Qdrant supports two types of payload storages: InMemory and OnDisk.

InMemory payload storage is organized in the same way as in-memory vectors. Payload is loaded into RAM at service startup while disk and RocksDB are used for persistence only. This type of storage works quite fast, but it may require a lot of space to keep all the data in RAM, especially if the payload has large values attached - abstracts of text or even images.

In the case of large payload values, it might be better to use OnDisk payload storage. This type of storage will read and write payload directly to RocksDB, so it won’t require any significant amount of RAM to store. The downside, however, is the access latency. If you need to query vectors with some payload-based conditions - checking values stored on disk might take too much time. In this scenario, we recommend creating a payload index for each field used in filtering conditions to avoid disk access. Once you create the field index, Qdrant will preserve all values of the indexed field in RAM regardless of the payload storage type.

You can specify the desired type of payload storage with configuration file or with collection parameter on_disk_payload during creation of the collection.

Versioning

To ensure data integrity, Qdrant performs all data changes in 2 stages. In the first step, the data is written to the Write-ahead-log(WAL), which orders all operations and assigns them a sequential number.
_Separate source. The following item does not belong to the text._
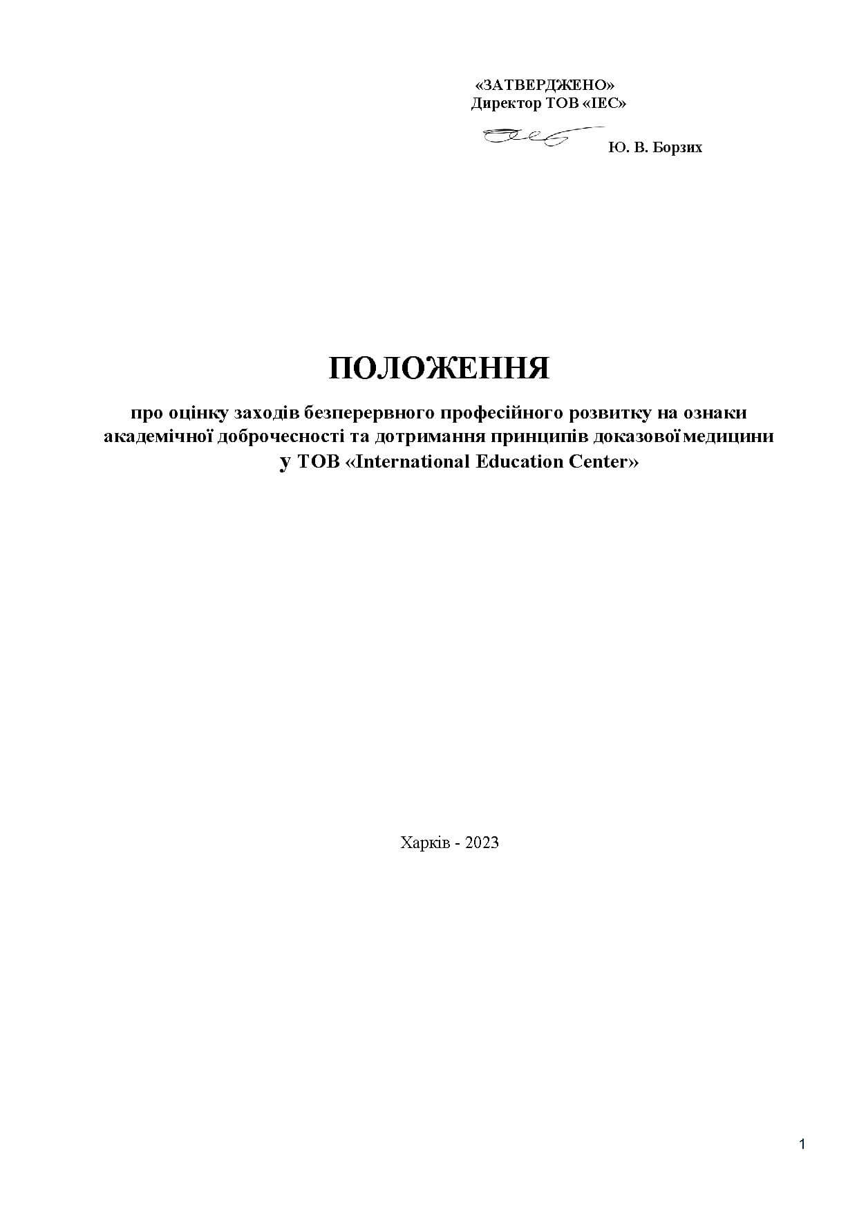 - Затверджено “Положення про оцінку заходів безперервного професійного розвитку на ознаки академічної доброчесності та дотримання принципів доказової” медицини

Once a change has been added to the WAL, it will not be lost even if power loss occurs. Then the changes go into the segments. Each segment stores the last version of the change applied to it as well as version of each individual point. If the new change has a sequential number less than the current version of the point, the updater will ignore the change. This mechanism allows Qdrant to safely and efficiently restore the storage from the WAL in case of an abnormal shutdown.